Background Antibiotic prescription rates in primary care in Germany are moderate, but still considered too high. The ARena study (Sustainable reduction of antibiotic-induced antimicrobial resistance) was initiated to foster awareness and understanding of the growing challenge and promotes rational antibiotics use for acute, non-complicated and self-limiting infections. Methods The present study was performed as part of the process evaluation of the ARena study. Interviews were conducted with a purposive sample of physicians participating in the ARena study to identify factors relevant to primary care physicians' decision-making when prescribing antibiotics for acute non-complicated infections. Generated data were audio-recorded. Pseudonymized verbatim transcripts were coded using a pre-defined framework. The Dual Process Theory was applied to provide understanding of individual health professional factors that induce dysrational prescribing decisions. Results Based on medical as well as non-medical considerations, physicians developed habits in decision making on antibiotics prescribing. They acknowledged inadequate antibiotics prescribing for acute, non-complicated infections in situations involving uncertainty regarding diagnosis, prognosis, continuity of care, patient expectations and when not knowing the patient. Educative efforts empowered physicians to override habitual prescribing. A theory-driven model provides transparency as to how dysrational prescribing decisions occur and suggests remedy by providing new experiences and new recognizable patterns through educative efforts. Conclusions Educational interventions may only change prescribing behaviours if they result in active rational rather than routine-based decision-making on antibiotics prescribing.
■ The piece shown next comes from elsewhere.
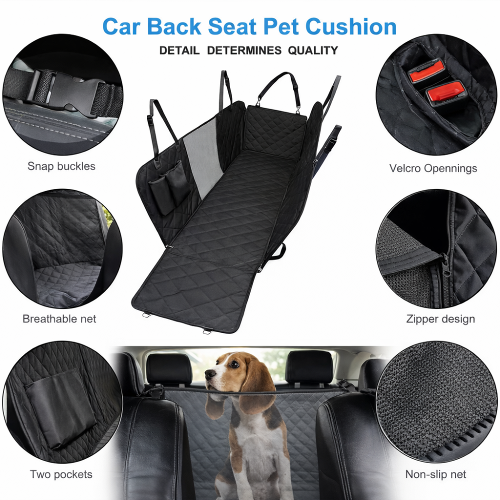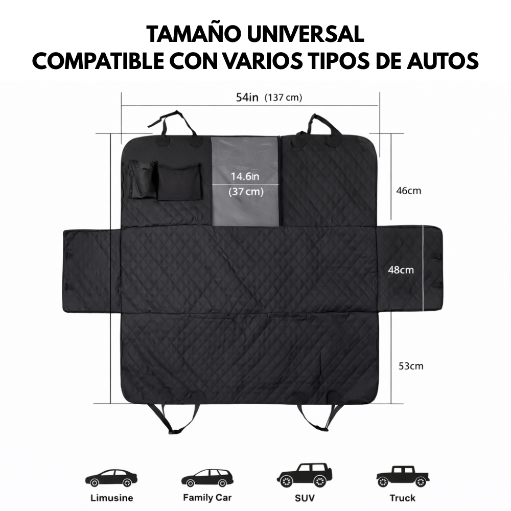 Mantén el asiento trasero de tu auto impecable mientras brindas máxima comodidad y seguridad a tu mascota con el Cobertor para Asiento de Auto Negro 137 x 147 cm. Diseñado con materiales resistentes y detalles funcionales, este protector cubre completamente el asiento, respaldos y laterales, evitando pelos, manchas, arañazos y suciedad. Su diseño acolchado tipo diamante no solo aporta un acabado elegante, sino también mayor confort en cada viaje. Ideal para paseos diarios o viajes largos, es práctico, seguro y fácil de instalar.
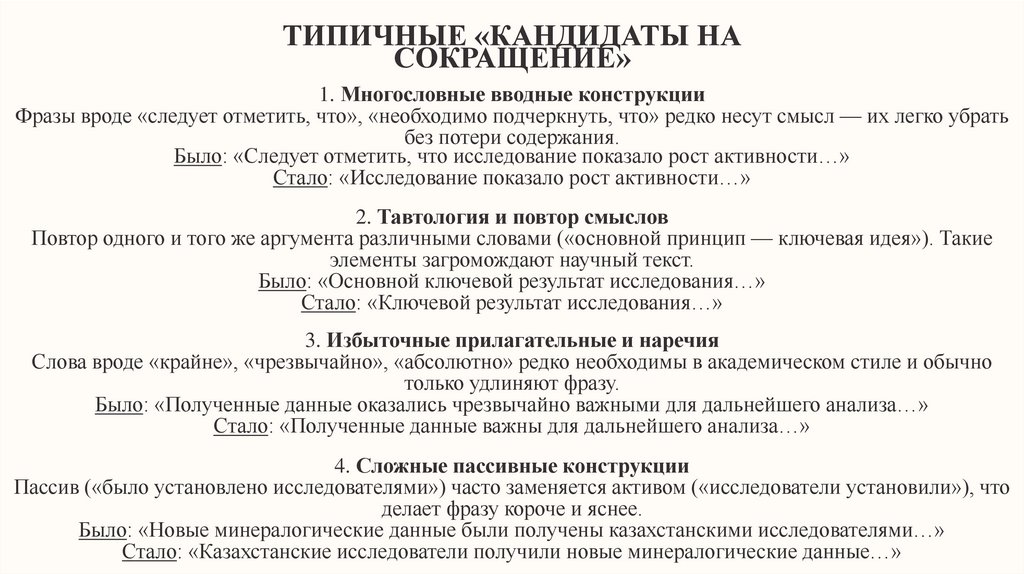 тавтология, пассивные формы, номинализация и избыточные детали. Лексические и

Trial registration ISRCTN, ISRCTN58150046.

中文翻译:


德国初级医疗保健中抗生素处方决策不合理的复杂现象:使用双过程理论的定性访谈研究。



背景 德国初级保健中的抗生素处方率适中,但仍然被认为过高。 Arena 研究(可持续减少抗生素引起的抗菌药物耐药性)旨在提高人们对日益严峻的挑战的认识和理解,并促进合理使用抗生素治疗急性、非复杂性和自限性感染。方法 本研究是 Arena 研究过程评估的一部分。对参与 Arena 研究的医生进行了有目的地抽样调查,以确定与初级保健医生在为急性非复杂性感染开抗生素处方时的决策相关因素。生成的数据被录音。假名逐字记录是使用预定义的框架进行编码的。双重过程理论用于提供对导致不合理处方决策的个人健康专业因素的理解。结果 基于医学和非医学考虑,医生养成了抗生素处方决策习惯。他们承认,在诊断、预后、护理连续性、患者期望以及不了解患者的情况下,对于急性、非复杂性感染的抗生素处方不足。教育工作使医生能够推翻习惯性处方。理论驱动的模型提供了关于不合理的处方决策如何发生的透明度,并通过教育努力提供新的经验和新的可识别模式来建议补救措施。结论 教育干预只有在抗生素处方方面产生积极理性而非基于常规的决策时,才可能改变处方行为。 试用注册ISRCTN,ISRCTN58150046。